Extracted data ▸
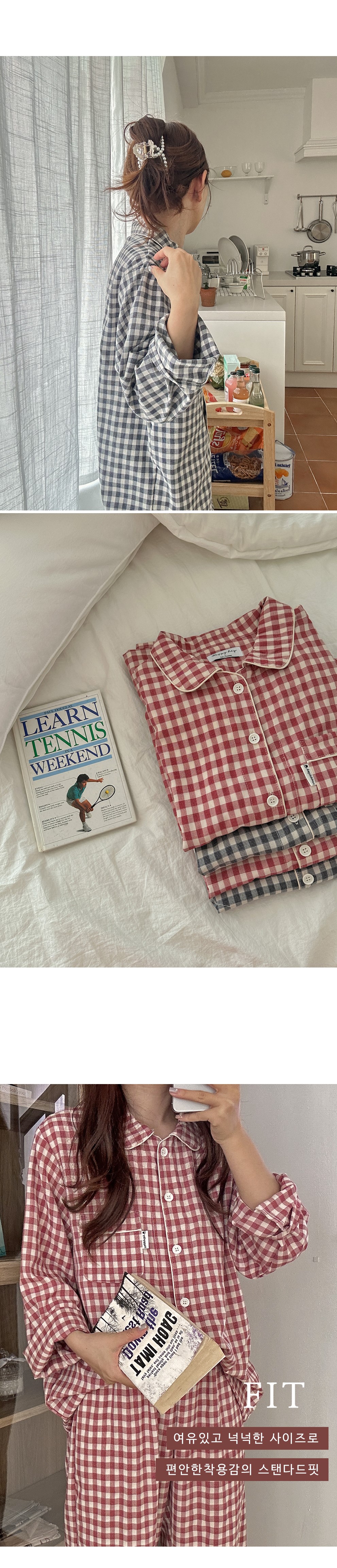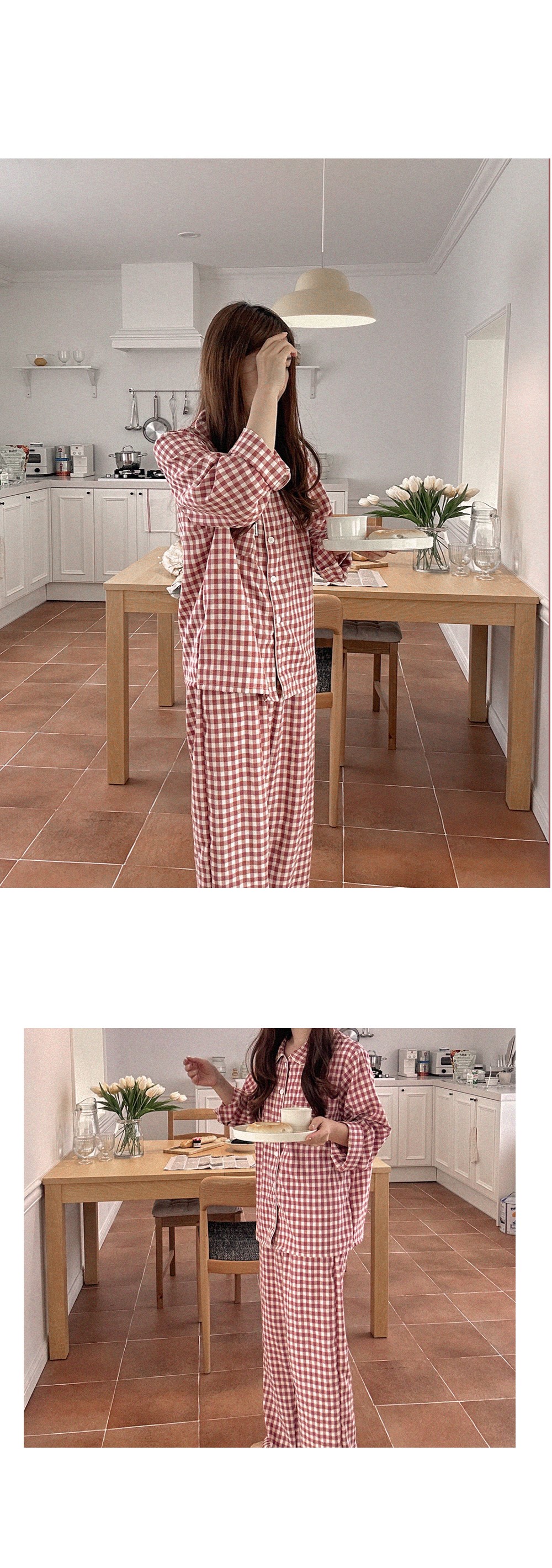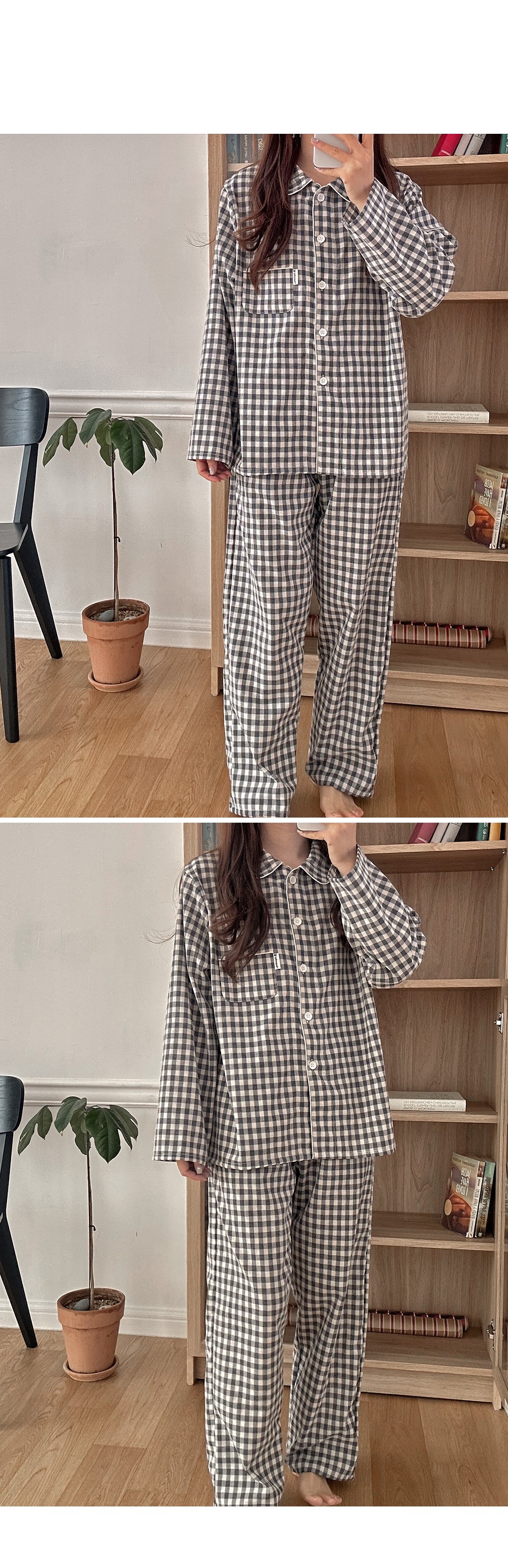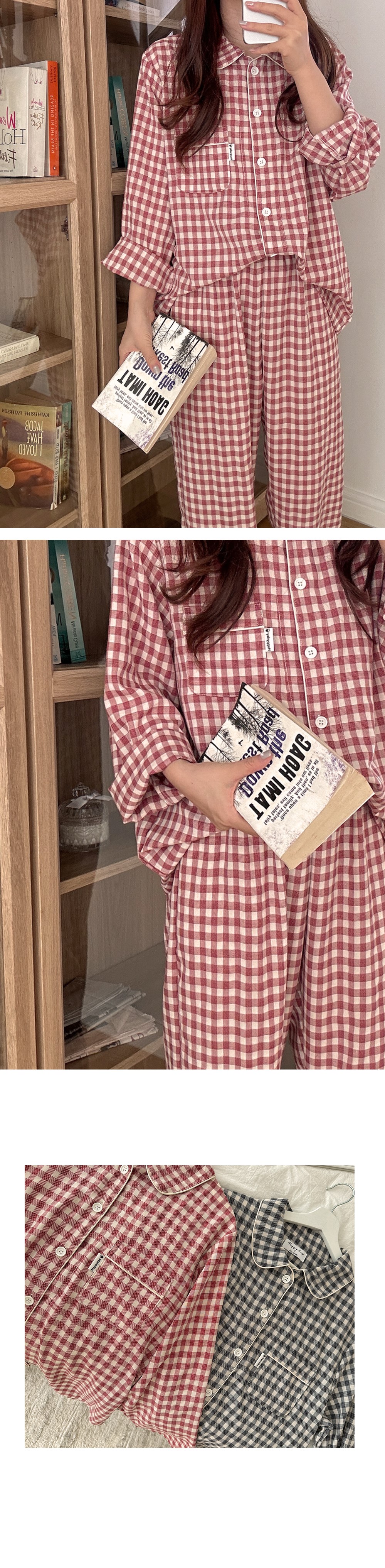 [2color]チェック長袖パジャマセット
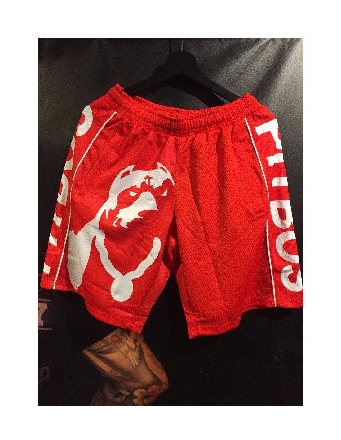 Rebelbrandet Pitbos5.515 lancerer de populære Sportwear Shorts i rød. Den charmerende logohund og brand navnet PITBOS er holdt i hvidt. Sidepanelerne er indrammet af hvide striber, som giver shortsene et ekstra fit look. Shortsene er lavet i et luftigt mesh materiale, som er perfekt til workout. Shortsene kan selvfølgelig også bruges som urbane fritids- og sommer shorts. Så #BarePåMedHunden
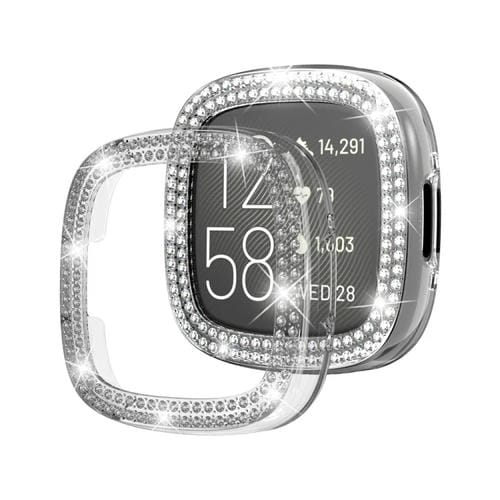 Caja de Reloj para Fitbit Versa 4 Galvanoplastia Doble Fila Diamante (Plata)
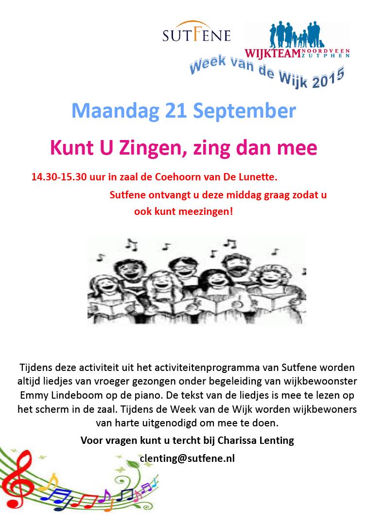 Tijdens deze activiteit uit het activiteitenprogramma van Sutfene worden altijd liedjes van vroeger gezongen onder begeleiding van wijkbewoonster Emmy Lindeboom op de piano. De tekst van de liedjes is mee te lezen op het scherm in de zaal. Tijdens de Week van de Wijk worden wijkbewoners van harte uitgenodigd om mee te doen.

* * *

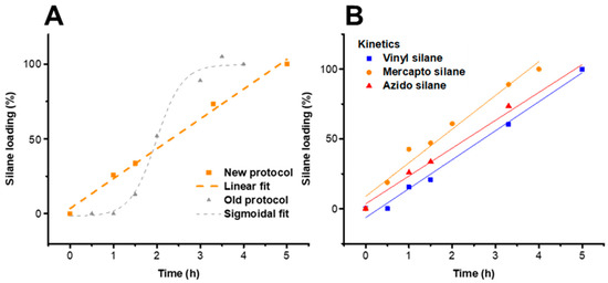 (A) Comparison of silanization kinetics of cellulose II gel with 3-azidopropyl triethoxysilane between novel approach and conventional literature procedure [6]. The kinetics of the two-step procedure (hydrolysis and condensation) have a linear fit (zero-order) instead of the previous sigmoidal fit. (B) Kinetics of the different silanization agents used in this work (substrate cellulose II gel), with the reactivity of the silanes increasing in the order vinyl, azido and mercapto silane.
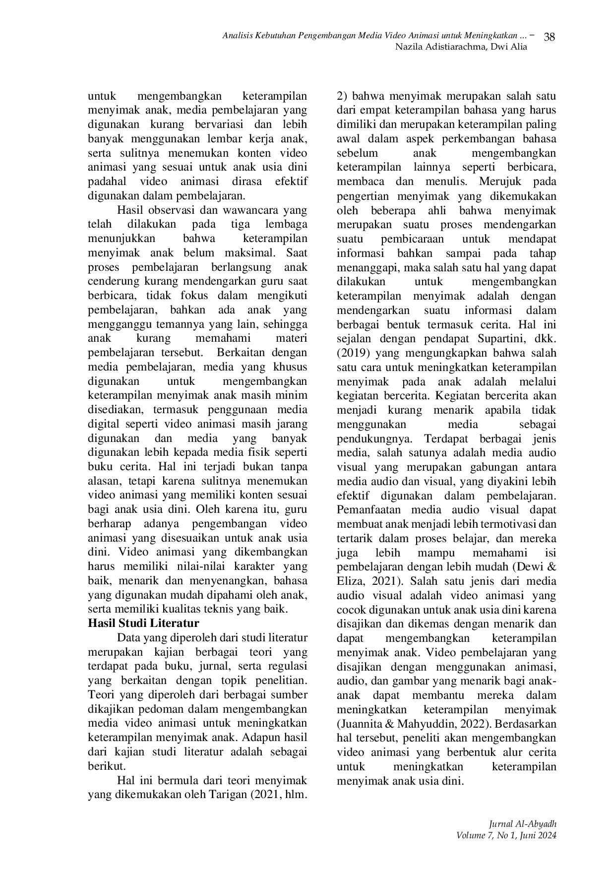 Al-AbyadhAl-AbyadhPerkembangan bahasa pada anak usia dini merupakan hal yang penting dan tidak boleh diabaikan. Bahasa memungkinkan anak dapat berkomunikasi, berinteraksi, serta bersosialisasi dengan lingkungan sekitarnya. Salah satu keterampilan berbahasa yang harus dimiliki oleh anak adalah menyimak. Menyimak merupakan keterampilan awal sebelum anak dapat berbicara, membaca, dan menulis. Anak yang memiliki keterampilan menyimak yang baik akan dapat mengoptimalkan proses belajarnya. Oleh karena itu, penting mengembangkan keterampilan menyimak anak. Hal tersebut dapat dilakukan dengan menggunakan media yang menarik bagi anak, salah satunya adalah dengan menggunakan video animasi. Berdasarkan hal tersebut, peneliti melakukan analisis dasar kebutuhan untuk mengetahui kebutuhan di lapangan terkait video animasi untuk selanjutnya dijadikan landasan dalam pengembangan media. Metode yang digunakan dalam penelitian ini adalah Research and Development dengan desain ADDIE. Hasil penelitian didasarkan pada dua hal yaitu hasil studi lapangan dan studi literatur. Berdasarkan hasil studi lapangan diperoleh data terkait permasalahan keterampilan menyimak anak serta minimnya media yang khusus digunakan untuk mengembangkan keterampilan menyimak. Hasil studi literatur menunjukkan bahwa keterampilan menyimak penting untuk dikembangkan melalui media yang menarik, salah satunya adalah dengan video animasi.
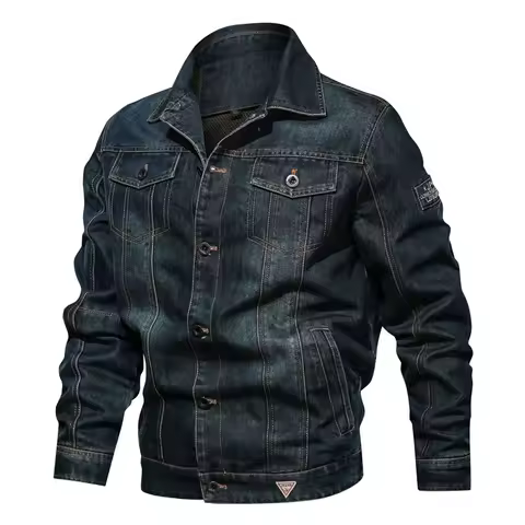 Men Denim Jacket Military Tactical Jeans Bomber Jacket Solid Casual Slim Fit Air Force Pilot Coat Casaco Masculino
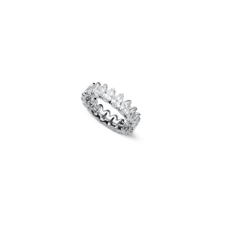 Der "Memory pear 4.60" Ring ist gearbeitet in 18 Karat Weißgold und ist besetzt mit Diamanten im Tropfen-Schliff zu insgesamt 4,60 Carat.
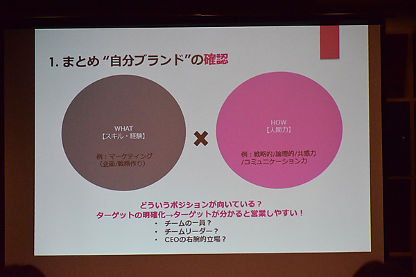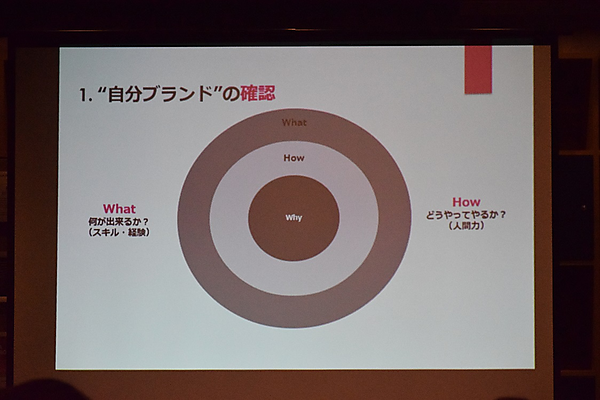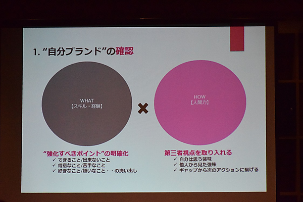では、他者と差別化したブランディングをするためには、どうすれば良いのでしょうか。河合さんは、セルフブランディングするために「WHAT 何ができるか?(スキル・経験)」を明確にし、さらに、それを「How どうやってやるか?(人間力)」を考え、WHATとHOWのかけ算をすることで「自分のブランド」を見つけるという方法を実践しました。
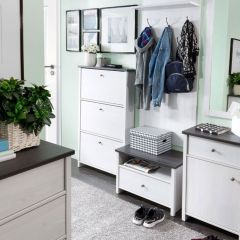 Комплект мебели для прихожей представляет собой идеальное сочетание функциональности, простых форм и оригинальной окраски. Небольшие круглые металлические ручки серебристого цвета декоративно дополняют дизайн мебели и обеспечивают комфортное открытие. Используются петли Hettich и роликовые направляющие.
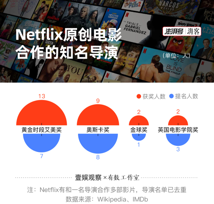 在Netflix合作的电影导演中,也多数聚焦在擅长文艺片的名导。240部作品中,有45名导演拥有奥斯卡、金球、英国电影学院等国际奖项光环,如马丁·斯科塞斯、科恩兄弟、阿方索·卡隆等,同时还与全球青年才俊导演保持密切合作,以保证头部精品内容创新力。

Action item ▸ Retype, exactly and with no pictures, everything above from the line with "Caja de Reloj" down to the line with "Tijdens deze activiteit", both included.

Your response ▸
 Caja de Reloj para Fitbit Versa 4 Galvanoplastia Doble Fila Diamante (Plata)
 Tijdens deze activiteit uit het activiteitenprogramma van Sutfene worden altijd liedjes van vroeger gezongen onder begeleiding van wijkbewoonster Emmy Lindeboom op de piano. De tekst van de liedjes is mee te lezen op het scherm in de zaal. Tijdens de Week van de Wijk worden wijkbewoners van harte uitgenodigd om mee te doen.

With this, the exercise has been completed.